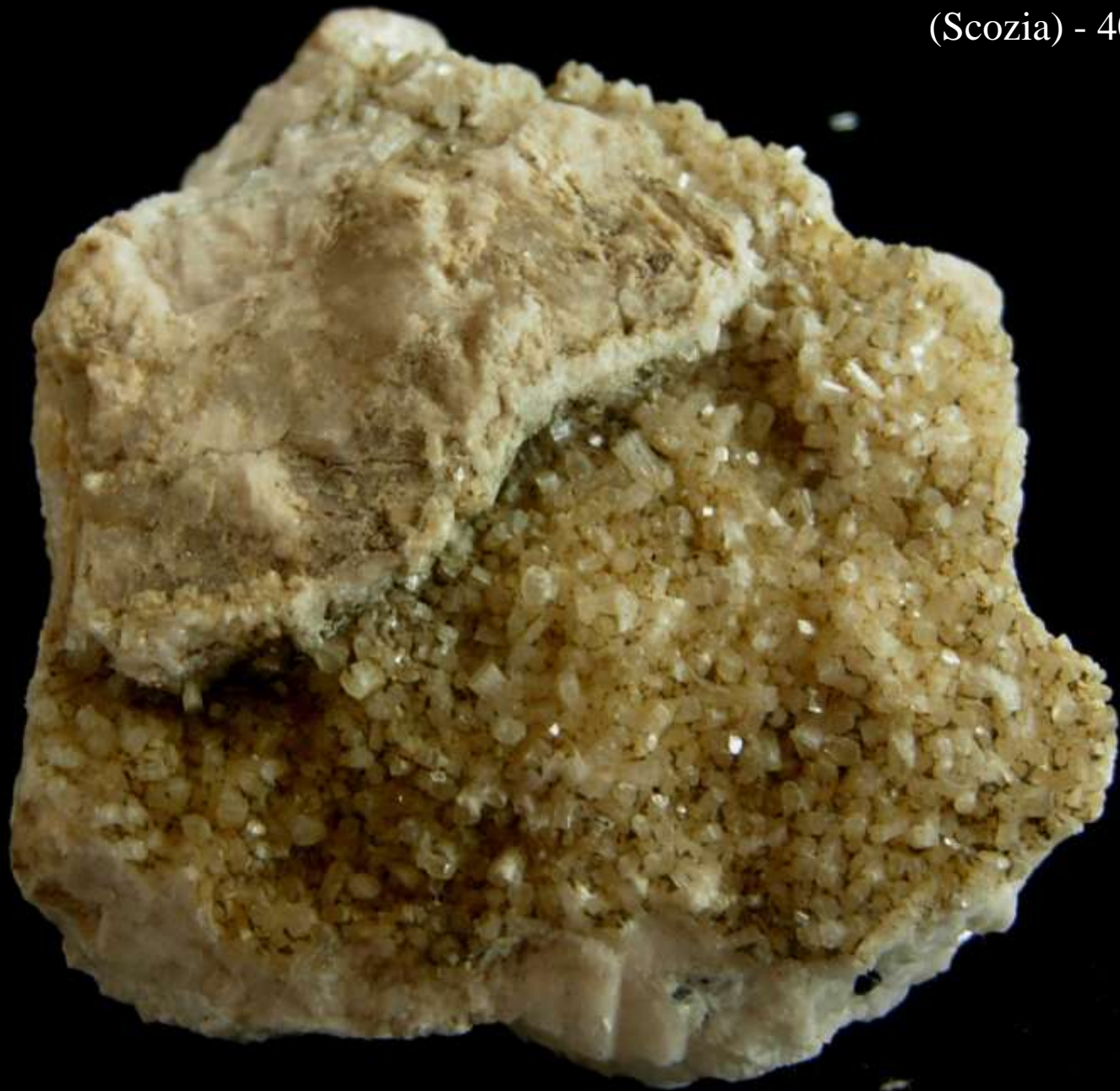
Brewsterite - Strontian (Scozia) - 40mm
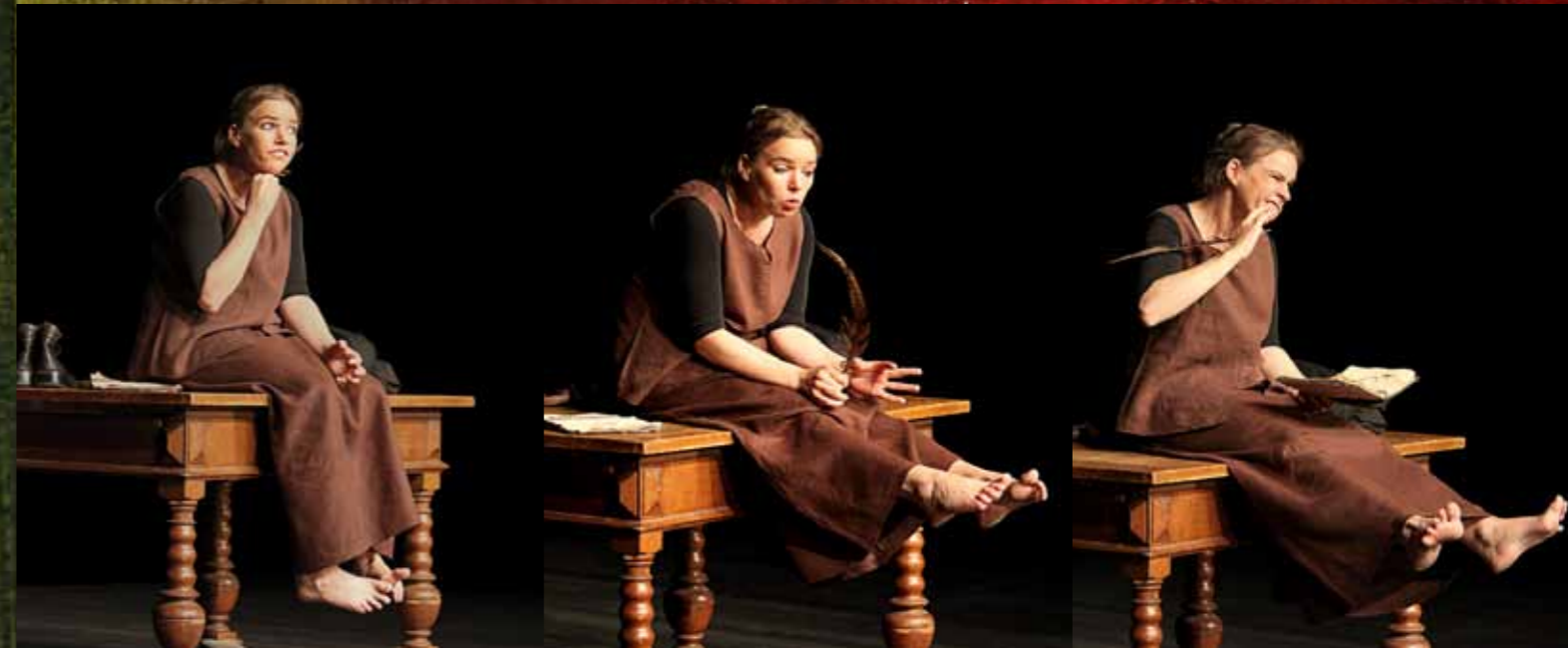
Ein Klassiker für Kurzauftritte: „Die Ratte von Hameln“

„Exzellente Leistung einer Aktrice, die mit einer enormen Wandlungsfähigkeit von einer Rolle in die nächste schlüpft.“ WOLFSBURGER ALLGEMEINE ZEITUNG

- [EXERCISE] Restate the data above word for word, so that the only difference is the missing pictures.

- [WRITTEN SOLUTION]
Brewsterite - Strontian (Scozia) - 40mm
Ein Klassiker für Kurzauftritte: „Die Ratte von Hameln“

„Exzellente Leistung einer Aktrice, die mit einer enormen Wandlungsfähigkeit von einer Rolle in die nächste schlüpft.“ WOLFSBURGER ALLGEMEINE ZEITUNG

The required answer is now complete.